A couple of years ago I went swimming at the community pool in our Knoxville suburb with my 5-year-old stepdaughter. She was excited that there was another child in the pool and smiled at him to encourage a greeting; however, we were both stunned when he turned to his grandmother and said, “She’s brown. Why is she here?” Millennials may not know that public swimming pools were once segregated. There is a scene in the biopic Introducing Dorothy Dandridge (1999), based on the life of the African American actress, depicting Halle Berry in the starring role dipping a toe into the segregated pool of the Las Vegas Frontier Hotel. Apparently the actress did this as an act of resistance after being told that management would have to drain and clean the pool if she, being a black woman, got into it. This took place in the 1950s, yet here was a four-year-old in 2014 asking why a brown girl was in his community swimming pool. While the desegregation of public pools might not be widely taught as a part of race history, certainly discrimination had been introduced to this young man’s consciousness from somewhere.

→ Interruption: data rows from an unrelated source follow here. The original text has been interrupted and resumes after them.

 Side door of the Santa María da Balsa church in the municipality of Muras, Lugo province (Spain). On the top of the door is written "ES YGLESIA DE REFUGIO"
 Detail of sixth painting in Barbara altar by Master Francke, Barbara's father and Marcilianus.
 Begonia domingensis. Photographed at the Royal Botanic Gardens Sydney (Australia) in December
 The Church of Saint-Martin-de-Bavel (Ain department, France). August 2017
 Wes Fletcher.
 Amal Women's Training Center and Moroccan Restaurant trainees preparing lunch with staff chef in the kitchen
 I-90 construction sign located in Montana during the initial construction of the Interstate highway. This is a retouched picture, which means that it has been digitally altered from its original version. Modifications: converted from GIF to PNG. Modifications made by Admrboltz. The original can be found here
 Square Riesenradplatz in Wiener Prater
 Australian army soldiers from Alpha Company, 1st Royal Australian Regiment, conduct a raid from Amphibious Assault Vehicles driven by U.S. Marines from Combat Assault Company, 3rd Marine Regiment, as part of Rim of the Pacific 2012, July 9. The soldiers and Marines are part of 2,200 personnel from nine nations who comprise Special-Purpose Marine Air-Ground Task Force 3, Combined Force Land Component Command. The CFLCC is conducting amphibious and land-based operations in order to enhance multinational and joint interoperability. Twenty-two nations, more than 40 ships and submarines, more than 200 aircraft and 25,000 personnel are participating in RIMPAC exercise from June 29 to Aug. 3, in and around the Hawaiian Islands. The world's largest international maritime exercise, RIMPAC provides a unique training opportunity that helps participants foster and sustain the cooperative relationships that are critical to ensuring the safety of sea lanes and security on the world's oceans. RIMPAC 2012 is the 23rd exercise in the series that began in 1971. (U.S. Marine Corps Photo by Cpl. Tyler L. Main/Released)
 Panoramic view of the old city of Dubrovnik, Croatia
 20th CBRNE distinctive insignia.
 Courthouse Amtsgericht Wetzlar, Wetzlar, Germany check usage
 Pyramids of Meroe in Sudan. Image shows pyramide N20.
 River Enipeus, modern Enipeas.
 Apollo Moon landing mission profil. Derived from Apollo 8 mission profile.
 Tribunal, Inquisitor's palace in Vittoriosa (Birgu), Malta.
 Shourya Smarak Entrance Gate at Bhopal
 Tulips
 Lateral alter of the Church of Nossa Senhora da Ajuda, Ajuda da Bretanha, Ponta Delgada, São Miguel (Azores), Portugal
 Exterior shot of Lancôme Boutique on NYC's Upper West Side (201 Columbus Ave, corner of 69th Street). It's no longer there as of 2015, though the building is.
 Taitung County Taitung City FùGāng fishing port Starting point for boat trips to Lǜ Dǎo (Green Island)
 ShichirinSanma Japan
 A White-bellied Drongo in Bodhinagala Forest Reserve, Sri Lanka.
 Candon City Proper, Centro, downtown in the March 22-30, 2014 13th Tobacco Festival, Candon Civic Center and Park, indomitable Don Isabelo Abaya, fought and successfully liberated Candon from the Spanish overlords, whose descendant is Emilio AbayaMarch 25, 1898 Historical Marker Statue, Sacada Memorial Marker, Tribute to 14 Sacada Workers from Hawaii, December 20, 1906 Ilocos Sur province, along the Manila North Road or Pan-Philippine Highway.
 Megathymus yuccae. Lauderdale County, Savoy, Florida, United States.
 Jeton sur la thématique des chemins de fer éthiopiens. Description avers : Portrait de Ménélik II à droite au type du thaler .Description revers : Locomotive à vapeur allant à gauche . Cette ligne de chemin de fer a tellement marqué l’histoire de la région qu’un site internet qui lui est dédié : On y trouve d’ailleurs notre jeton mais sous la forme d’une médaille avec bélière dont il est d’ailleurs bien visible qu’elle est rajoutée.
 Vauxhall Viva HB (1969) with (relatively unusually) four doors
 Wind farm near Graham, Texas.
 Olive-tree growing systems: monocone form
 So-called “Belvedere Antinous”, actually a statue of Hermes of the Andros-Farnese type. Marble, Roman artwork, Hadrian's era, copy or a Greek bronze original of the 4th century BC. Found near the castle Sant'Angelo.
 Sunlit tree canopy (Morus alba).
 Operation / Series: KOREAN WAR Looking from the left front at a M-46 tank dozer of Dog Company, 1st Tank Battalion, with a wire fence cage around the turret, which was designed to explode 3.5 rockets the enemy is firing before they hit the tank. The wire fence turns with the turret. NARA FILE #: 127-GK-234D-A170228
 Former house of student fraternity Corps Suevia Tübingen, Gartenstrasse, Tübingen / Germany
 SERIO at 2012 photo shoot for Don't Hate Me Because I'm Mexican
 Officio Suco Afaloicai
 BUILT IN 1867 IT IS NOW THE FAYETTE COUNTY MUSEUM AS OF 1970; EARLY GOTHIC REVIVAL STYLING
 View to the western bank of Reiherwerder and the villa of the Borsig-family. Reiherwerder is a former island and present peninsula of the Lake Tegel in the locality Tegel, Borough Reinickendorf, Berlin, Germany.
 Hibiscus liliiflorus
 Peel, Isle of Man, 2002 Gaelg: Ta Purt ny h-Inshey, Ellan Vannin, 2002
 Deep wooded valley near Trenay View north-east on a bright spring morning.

Standing beside the floatie-encased arms of her grandson, the boy’s grandmother had the decency to blush at his indiscretion. If I had been quick enough, I might have responded in that sickly sweet voice people adopt when really pushed to the edge that “We are here because our housing association dues afford this black family the right to be here.” Instead, I diplomatically proceeded to talk to the grandmother about the importance of young people learning how to swim. I then turned away to teach my stepdaughter how to cup her palms and pull them through the water as she stood on the second stair of the pool, her damp, neatly braided hair glistening under the penetrating sunlight. Metaphorically, I imagined the motion becoming a way for her to transcend all of the stereotypes and historical baggage that proclaimed she did not deserve the right to be there.